TASK PROMPT: Copy exactly the line containing "宁波始终坚持就业优先政策，今" and all the lines that follow it to the end of the records, minus the pictures.

Records excerpted from a collection
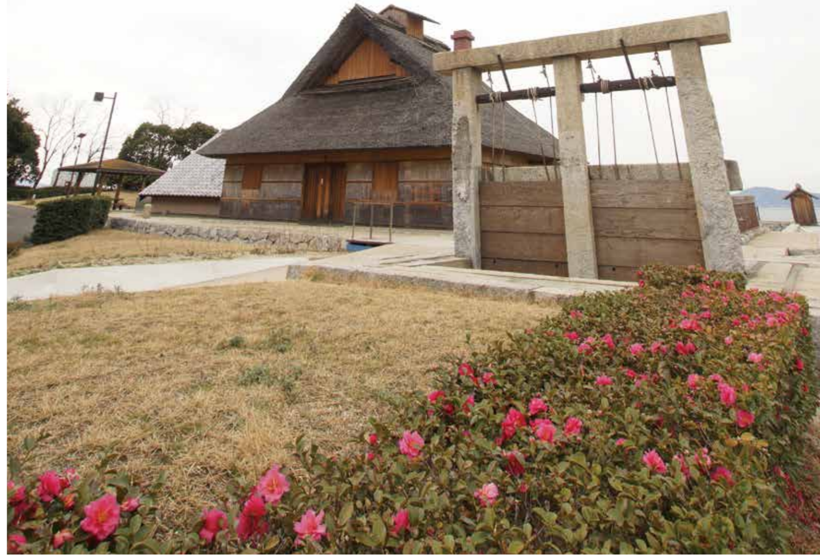
写真:復元塩田(香川県宇多津臨海公園)

が前日から煮込んだアキレスなど盛りだくさん♪そして準備段階から用意されていたメインドリンクはもちろんサーバーからの生ビール!レクリエーション部員は開始4時間前から会場(USE)に入りウェルカムドリンクを初め食材たちの毒見をしつつ準備を終えスタート。12月誕生日のお二人にはサプライズもありとても楽しい忘年会でした。
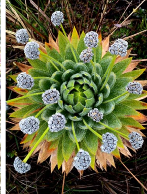
34 Paepalanthus columbiensis ERIOCAULACEAE
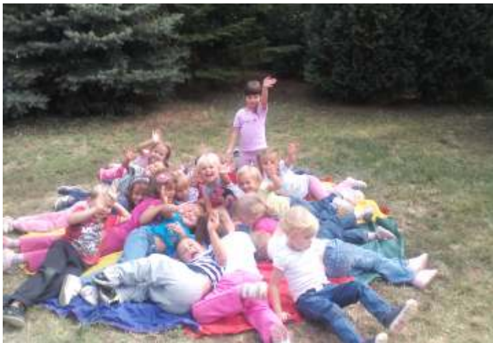
Munka után édes a pihenés...
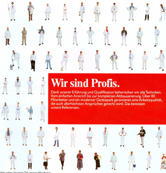
Hier sehen Sie einen Teil unserer Mitarbeiter.
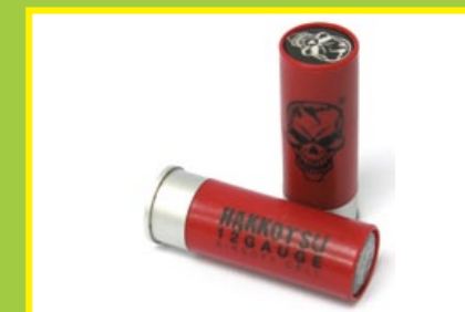
充氣式 CO2/ 瓦斯霰彈殼，每發內裝三顆 BB 彈。
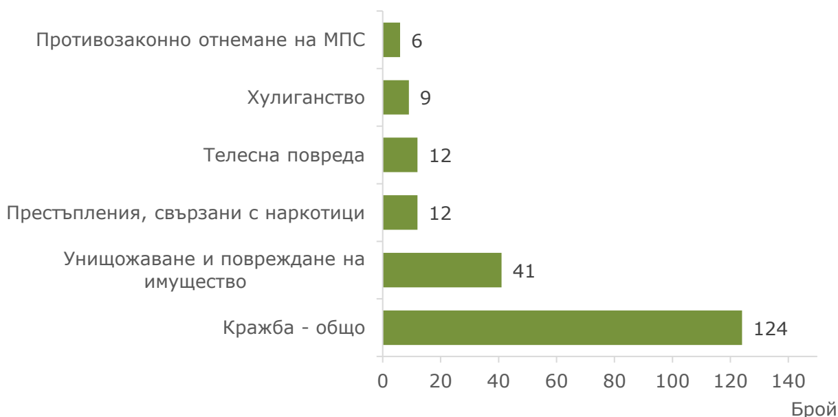
Фиг. 2. Малолетни и непълнолетни лица, преминали през ДПС, по някои видове престъпления през 2023 година
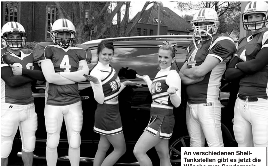
An verschiedenen Shell-Tankstellen gibt es jetzt die Wäsche zum Sonderpreis.

Mitte. Ab sofort gibt es bei dem Partner der Bielefeld Bulldogs, Shell J.Enderweit, die kann dieses Programm nutzen. Natürlich gilt das auch für alle, len von J.Enderweit an der Egerschen Straße, Detmolder
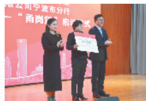
宁波首个稳岗扩岗专项贷款“甬岗贷”发布现场

宁波始终坚持就业优先政策，今年将围绕“最易就业、最有奔头、最优服务和最具安心”目标，千方百计扩大就业容量，努力提升就业质量，全力化解结构性就业矛盾，切实防范规模性失业风险，着力打造高质量充分就业创新城市。一季度全市城镇新增就业6.37万人，就业形势基本稳定。
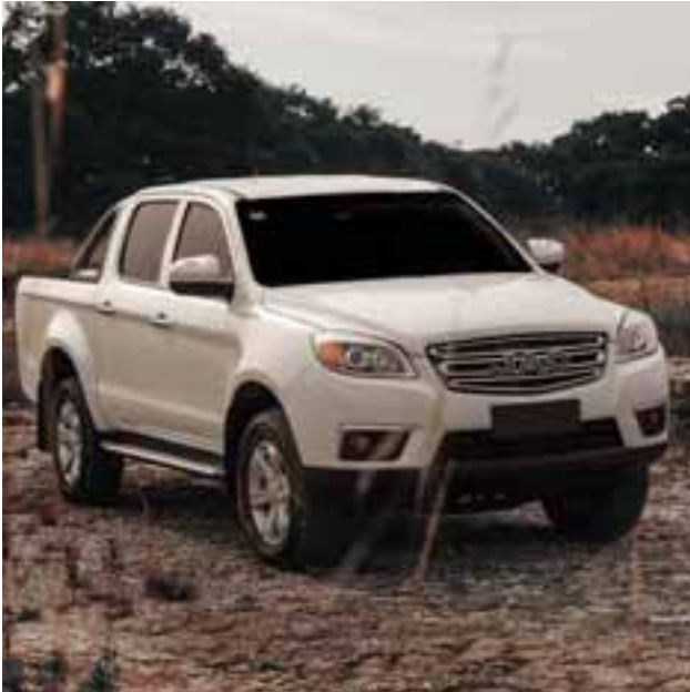
Frison T6 se distingue por tener diseño fuerte y estabilidad en todo tipo de terreno.

ANSWER BELOW:
宁波始终坚持就业优先政策，今年将围绕“最易就业、最有奔头、最优服务和最具安心”目标，千方百计扩大就业容量，努力提升就业质量，全力化解结构性就业矛盾，切实防范规模性失业风险，着力打造高质量充分就业创新城市。一季度全市城镇新增就业6.37万人，就业形势基本稳定。
Frison T6 se distingue por tener diseño fuerte y estabilidad en todo tipo de terreno.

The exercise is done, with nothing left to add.